Definition of a Linear Differential Equation
A differential equation is said to be linear if the dependent variable ($y$) and all its derivatives ($y', y'', \dots, y^{(n)}$) appear only to the first power (exponent of 1) and are not multiplied together (e.g., no terms like $y \cdot y'$ or $(y')^2$) or involved in non-linear functions (e.g., no terms like $\sin(y)$, $e^y$, $\sqrt{y'}$). The coefficients of the dependent variable and its derivatives can be functions of the independent variable(s) only.

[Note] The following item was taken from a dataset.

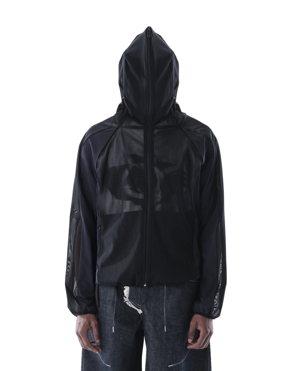 • Destaque para a ‘máscara’ que pode ser formada a partir do fechamento total do zíper, possibilitando que o usuário ainda enxergue ao seu redor devido ao uso do tecido translúcido
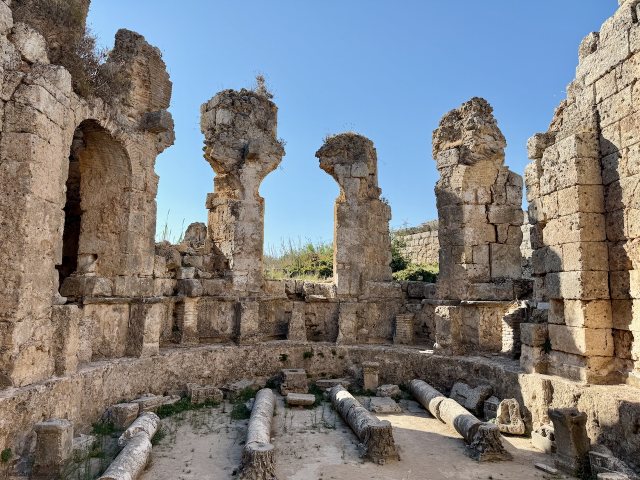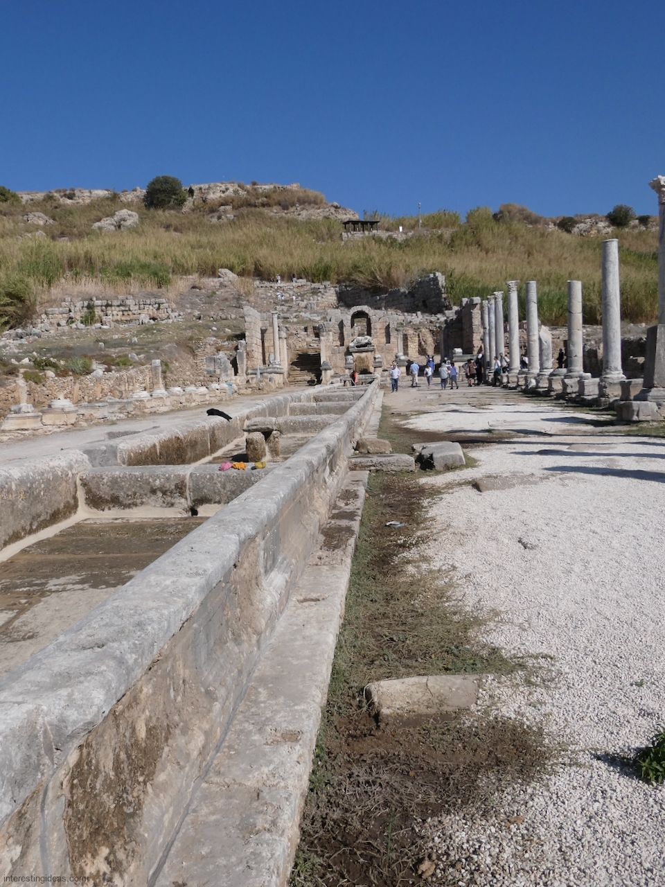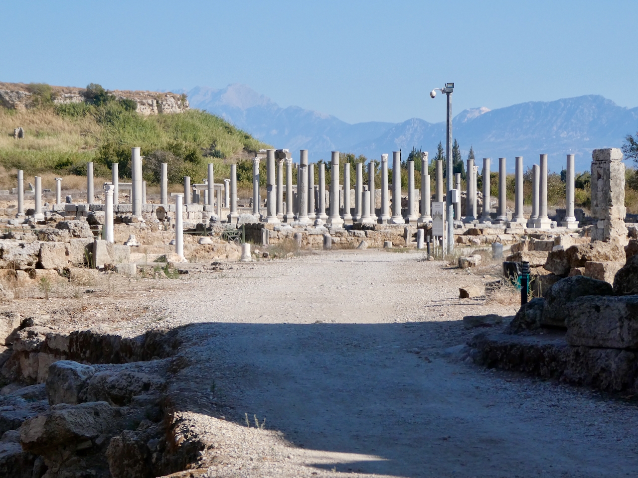 Perge Perge’s ruins include a theater, a stadium, lines of pillars, waterworks and some fabulous graffiti (the last of which can be seen here). Back

A first-order linear differential equation is a differential equation involving only the independent variable ($x$), the dependent variable ($y$), and the first derivative ($\frac{dy}{dx}$ or $y'$), and it must be linear in $y$ and $y'$.
Standard Form of a First-Order Linear Differential Equation
Any first-order linear ordinary differential equation can be uniquely written in a specific form called the standard form. This form is essential because the method of solution for this type of equation depends on it.
The standard form for a first-order linear differential equation is:
$\frac{dy}{dx} + P(x) y = Q(x)$
where:
- $\frac{dy}{dx}$ is the first derivative of the dependent variable $y$ with respect to the independent variable $x$.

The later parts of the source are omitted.